7 Reasons Why Limiting a Deposit Return System to On-the-Go Beverages Only Is A Bad Idea
While relatively simple in concept, deposit return systems (DRSs) for beverage containers can be designed and implemented in a number of different ways. One of the most fundamental design features of a DRS, and integral to its success or otherwise, is the scope of the materials and/or types of containers covered by the system. One of the issues often raised in relation to program scope is whether a DRS should include certain target materials, specifically ‘on the go’ beverage containers, or all beverage containers (irrespective of size, format, or other distinction).
Many retailers, brand owners, and some in the waste management sector think that a focus on ‘on the go’ is preferable. A recent report by Suez, for example, one of the largest waste management companies in the U.K., suggests that a DRS for Britain should only target plastic bottles less than 0.75L and aluminum cans consumed ‘on the go’ because these containers represent a more significant cause of litter than other, larger containers. But DRS is not simply a tool to reduce litter; it is a comprehensive tool to create jobs, keep valuable material in the U.K., and provide feedstock to companies that are looking to incorporate recycled resin into their new bottles.
In light of this, Reloop is pleased to release these 7 reasons why limiting a deposit return system to ‘on-the-go’ beverage containers only is a bad idea
1. Customer Confusion
Applying a deposit on some containers and not others is confusing for consumers. This results in less than optimum system performance and low collection rates.
2. Low Economies of Scale
The broader the scope of the program, the higher the tonnages collected. This helps to drive economies of scale. Focusing on only a segment of beverage containers makes the entire program far more expensive per unit, as cost efficiency is highly reliant on volume.
3. Missed Opportunity for Retailers
If the system is limited to ‘on-the-go’ beverages, participating retailers will lose out on an important revenue opportunity, and will have less incentive to act as collection points.
4. Less Effective Litter Control
There is no clear definition of ‘on-the-go’ and it is impossible to pre-determine where a drink will be consumed, regardless of where it is purchased.

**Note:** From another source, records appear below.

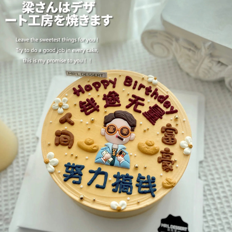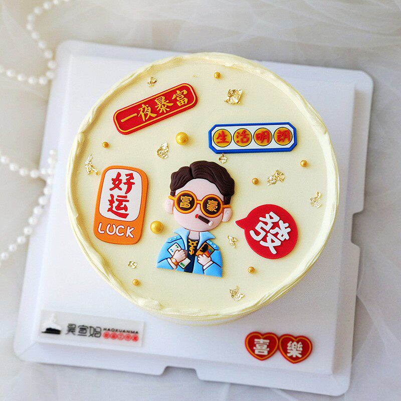男款生日蛋糕装饰富豪爸爸软胶发字生活明朗一夜暴富好运插件摆件
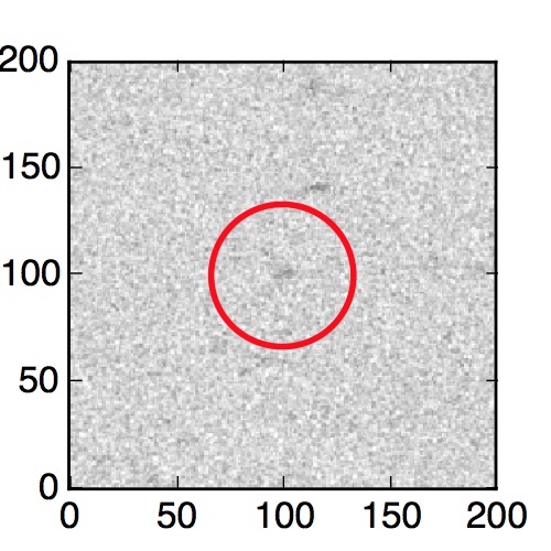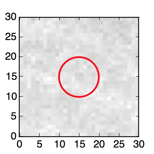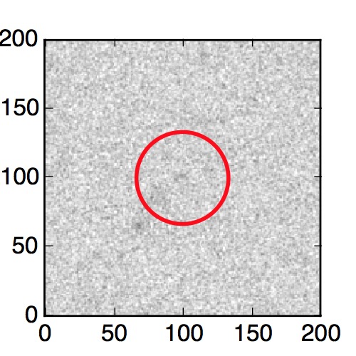 The red circle in the various panels is 1" in radius. The images are 6"x6".
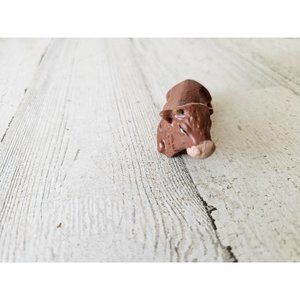 about 1.5 in tall by 3.5x1 in, damage on horns, otherwise good color
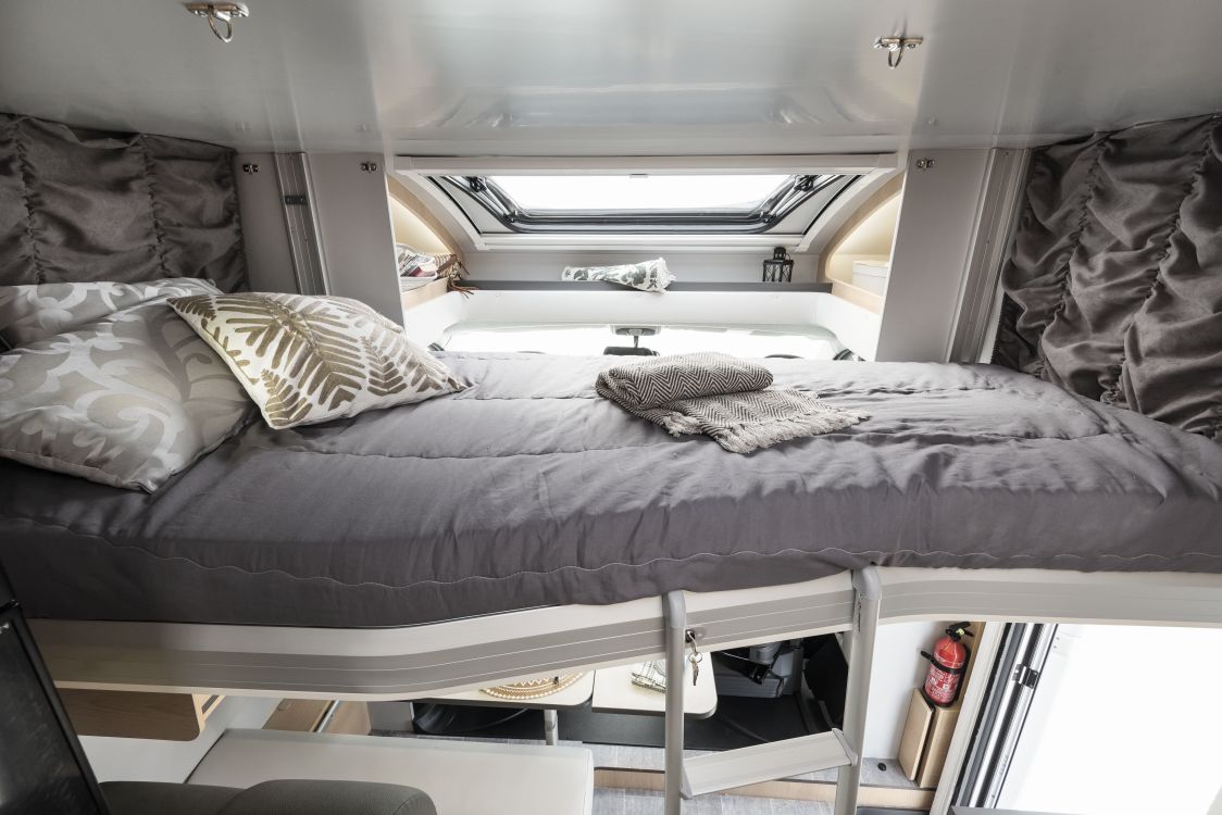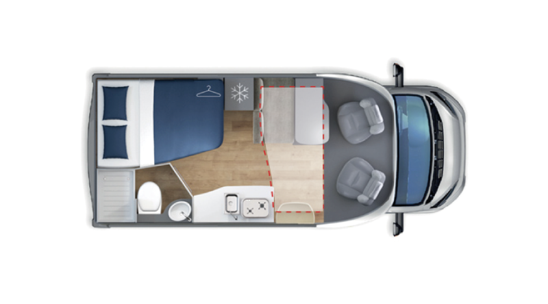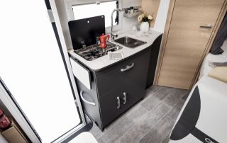 Herd & Spüle I Kühlschrank 12 V, 220 V, Gas I Klimaanlage im Fahrerhaus I Heizung mit Umluft I Toilette & Dusche I Warmwasserboiler I Frisch- & Abwassertank I Zusatzbatterie mit Ladegerät I Thermomatten für Fahrerhaus I Wasserschlauch I Anschlusskabel I Fahrradträger*
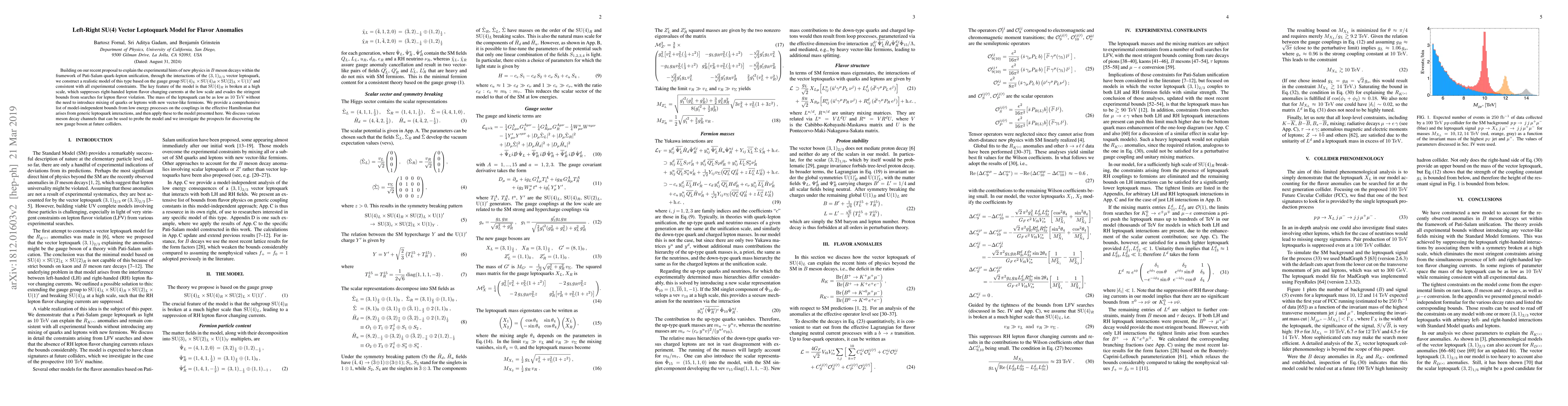 This research proposes a Left-Right SU(4) vector leptoquark model to explain anomalies in B meson decays, consistent with Pati-Salam quark-lepton unification. The model suppresses right-handed lepton flavor violation by breaking SU(4)_R at a high scale, allowing a low-mass leptoquark (up to 10 TeV) without mixing quarks or leptons with new fermions. It also presents bounds from low energy processes and discusses prospects for discovery at future colliders.
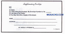Supplementary Envelope 6-1/4 x 3-1/8 #304 is perfect for any visitor, new parishioners, or for those who did not bring an envelope. It lists name, address, and amount. 500 Count. FREE SHIPPING on orders of $100.00 or more

5. Producers Will Take Advantage of Loopholes
Competitive distortions between beverage categories and packaging types that are deposit-bearing and not can lead producers to avoid the deposit by switching production to other container types or increasing the size of their containers.
6. Reduced Opportunities for Municipalities to Save Costs
Comprehensive deposit systems, which cover all beverage containers, offer municipalities the opportunity to gain financially from avoided waste management and recycling costs.
7. Market Distortions
Applying a deposit on some containers but not others makes the non-deposit beverages appear cheaper on store shelves, even though the deposit is 100% refundable. This could encourage some consumers to switch to a non-deposit alternative.